- Interactive map of Laguna del Tigre National Park
- Location: Petén Department, Guatemala
- Coordinates: 17°29′30″N 90°30′0″W﻿ / ﻿17.49167°N 90.50000°W
- Area: 3,378.99 km^{2} (1,304.64 sq mi)
- Established: Acuerdo Gubernativo
- Operator: CONAP

= Laguna del Tigre =

National park in Petén, Guatemala

Laguna del Tigre National Park is located in northern Guatemala, in the municipality of San Andrés, Petén Department. Covering an area of 337,899 ha, makes it the largest core zone of the Maya Biosphere Reserve (MBR) and the largest national park in Guatemala and the largest protected wetlands in Central America.

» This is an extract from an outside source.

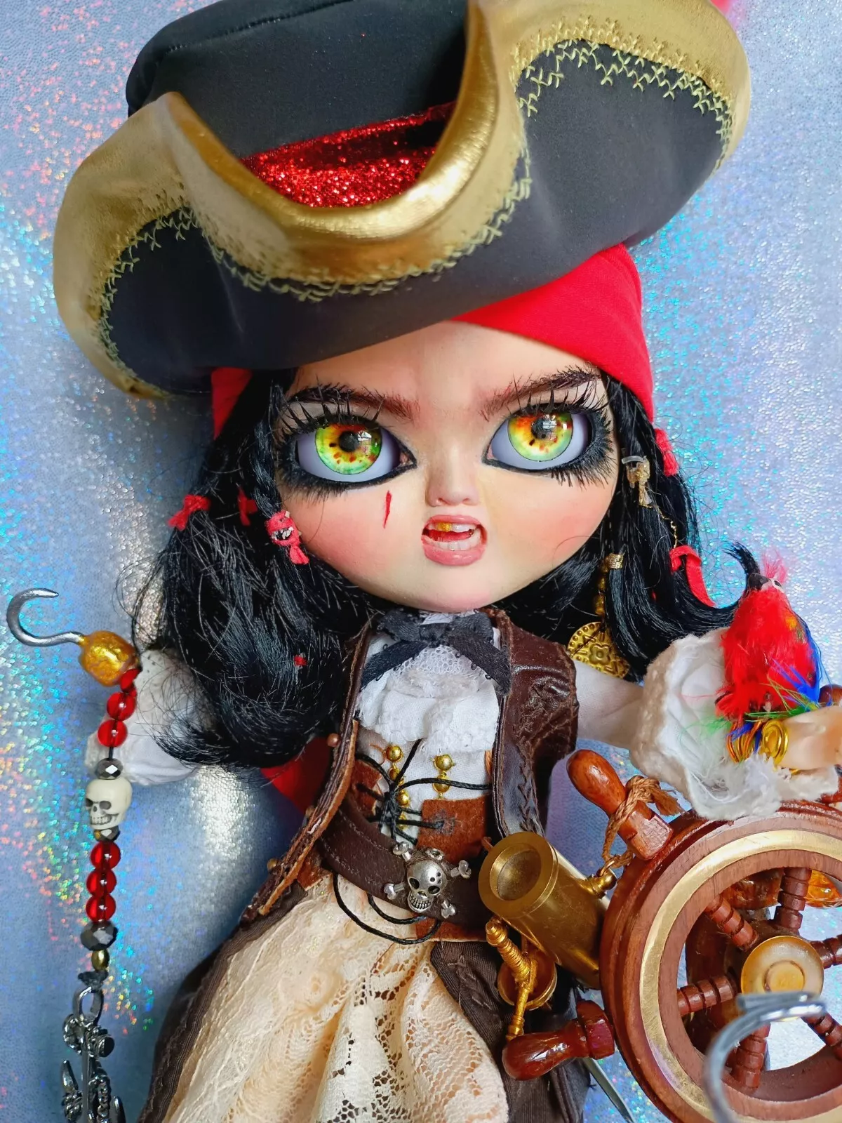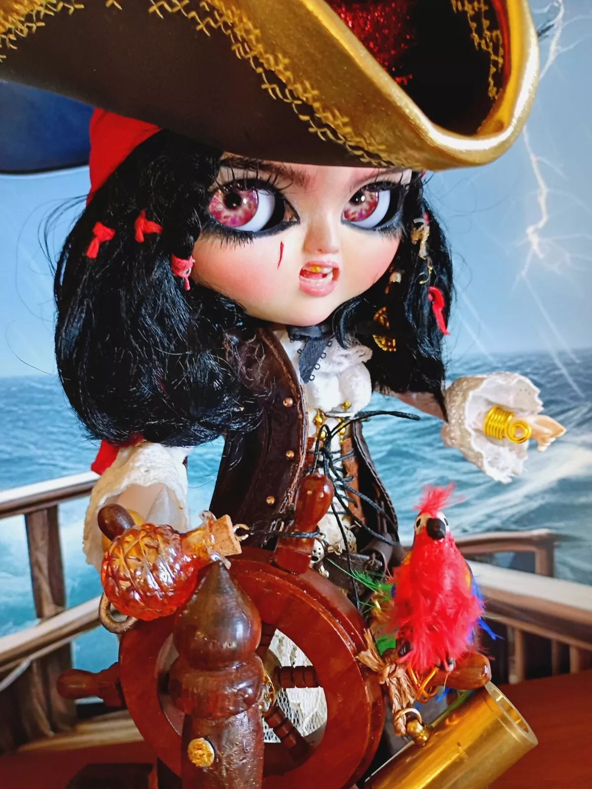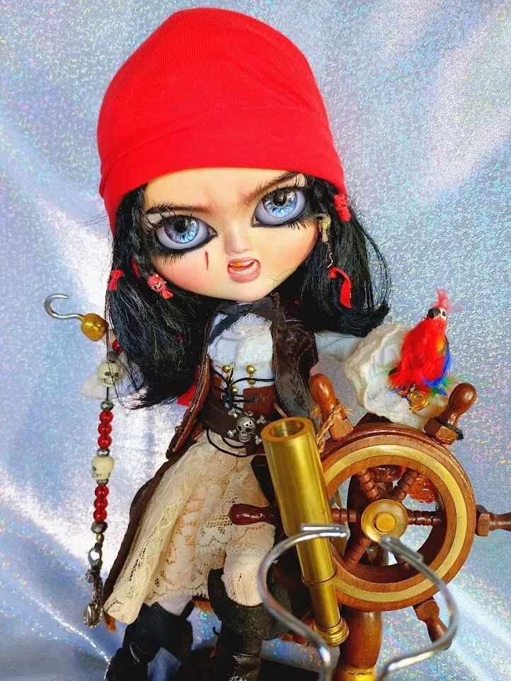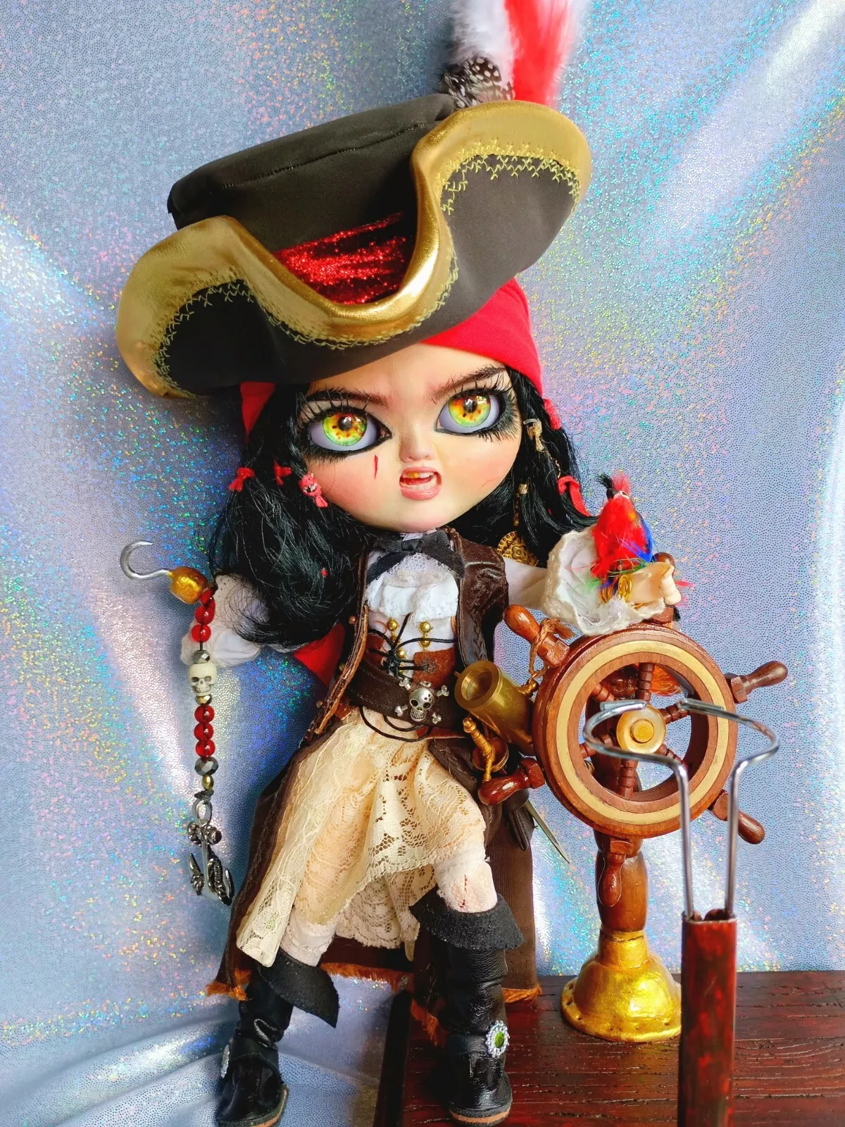 Doll, shirt, leather (upper) skirt, lace knee-high socks, poly/cotton & lace petticoat, leather & faux leather boots, faux leather hat with various feathers, faux leather vest, metal sword (Toledo), faux leather sword belt (with skull charm), earrings, metal hook/hand (detachable), metal (retractable) telescope, rum bottle, & custom wooden ship helm stand & parrot.

It also has the status of Ramsar site because of its size, wealth and characteristics of its wetland ecosystem. The vast area periodically floods, creating unique characteristics such as vast savannas and transition forests. It is also included in the convention's Montreux Register of threatened wetland sites. This biodiverse area features consisting of floodable savannas and wetlands; transition forest (which covers most of the park); high forest; and flora.

==Threats==
Analysis of aerial images in 2020, found evidence of large-scale cattle ranching in 87% of the images. Large ranches were encouraged by the government in the 1960s, and from circa 2002, narcos laundered cash by buying land and cattle, and selling the meat for money that cannot be traced to drug activity. Campesinos (small-scale farmers) have smaller plots and tend to grow food crops as well as pasture, whereas drug traffickers clear dozens of hectares which are rectangular, have long straight lines and tractor tyre marks may be seen.